*** Recorded information
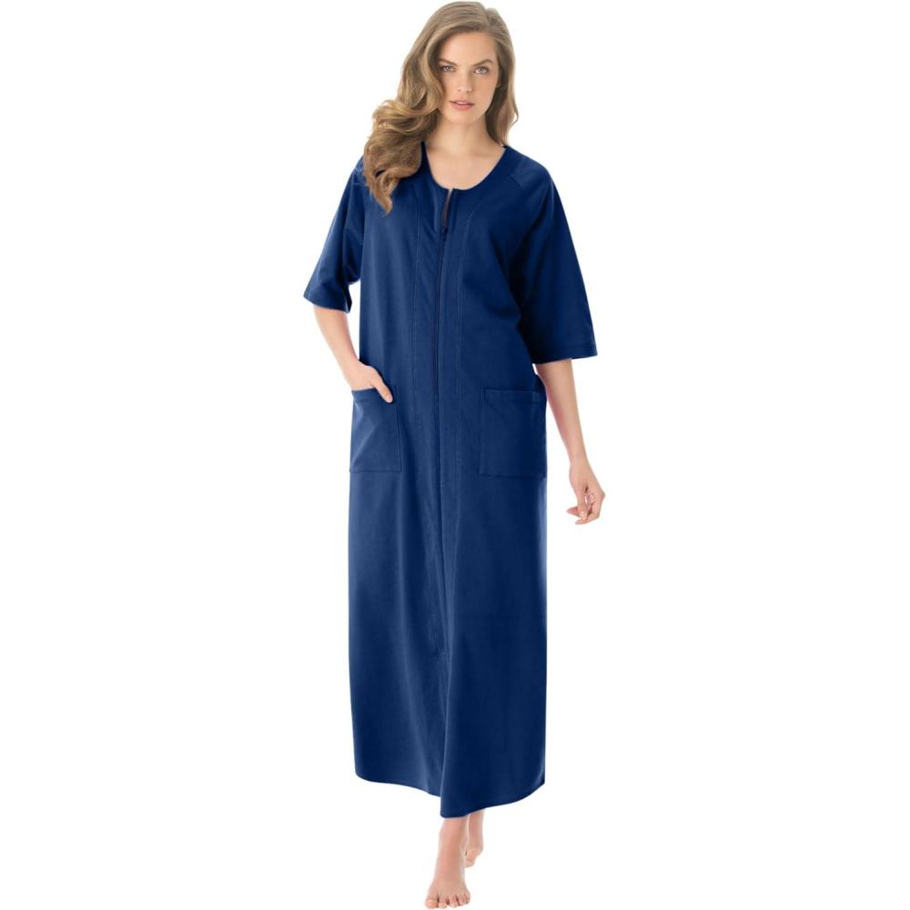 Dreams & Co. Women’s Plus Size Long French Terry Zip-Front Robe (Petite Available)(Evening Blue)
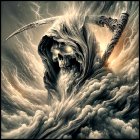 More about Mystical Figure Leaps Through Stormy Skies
******
*** Recorded information
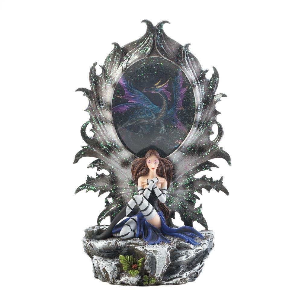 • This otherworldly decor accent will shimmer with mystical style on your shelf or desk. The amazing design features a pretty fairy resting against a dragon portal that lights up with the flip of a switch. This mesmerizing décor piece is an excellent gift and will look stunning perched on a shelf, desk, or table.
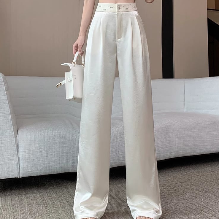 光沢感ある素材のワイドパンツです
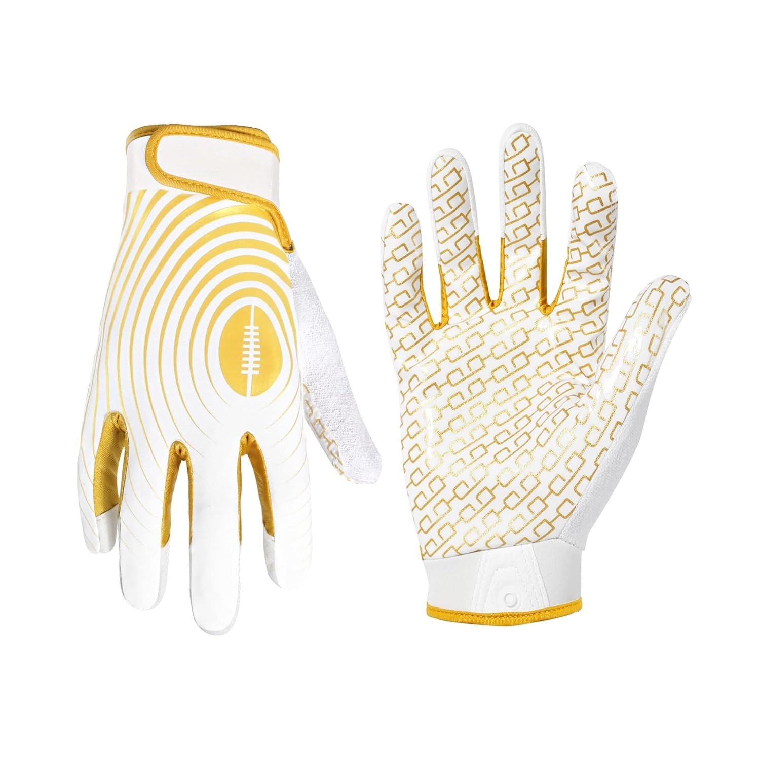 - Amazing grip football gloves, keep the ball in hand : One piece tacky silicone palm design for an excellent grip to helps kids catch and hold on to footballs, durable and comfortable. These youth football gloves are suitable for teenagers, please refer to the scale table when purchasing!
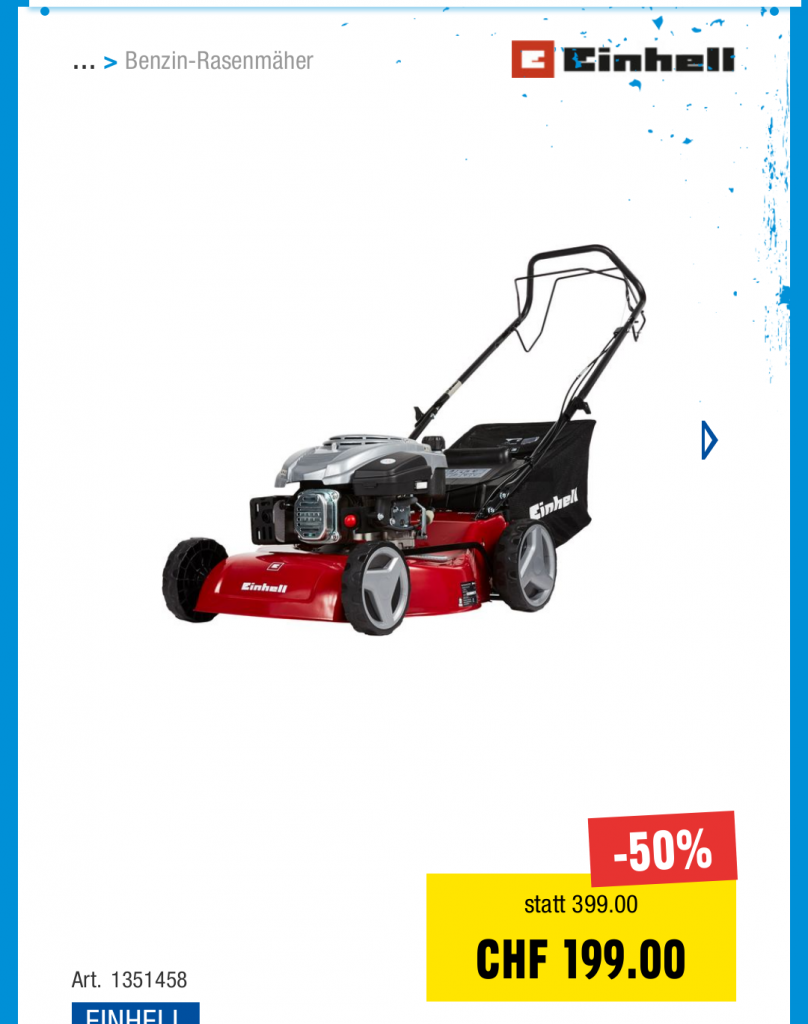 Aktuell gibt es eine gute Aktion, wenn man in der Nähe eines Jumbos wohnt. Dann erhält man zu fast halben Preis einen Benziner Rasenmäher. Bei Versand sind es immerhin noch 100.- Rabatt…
******
[Aim of the exercise] Using the data above, retype exactly the lines from the line with "Dreams & Co." to the line with "More about Mystical", inclusive. No pictures and nothing else.

[Solution to this task]
 Dreams & Co. Women’s Plus Size Long French Terry Zip-Front Robe (Petite Available)(Evening Blue)
 More about Mystical Figure Leaps Through Stormy Skies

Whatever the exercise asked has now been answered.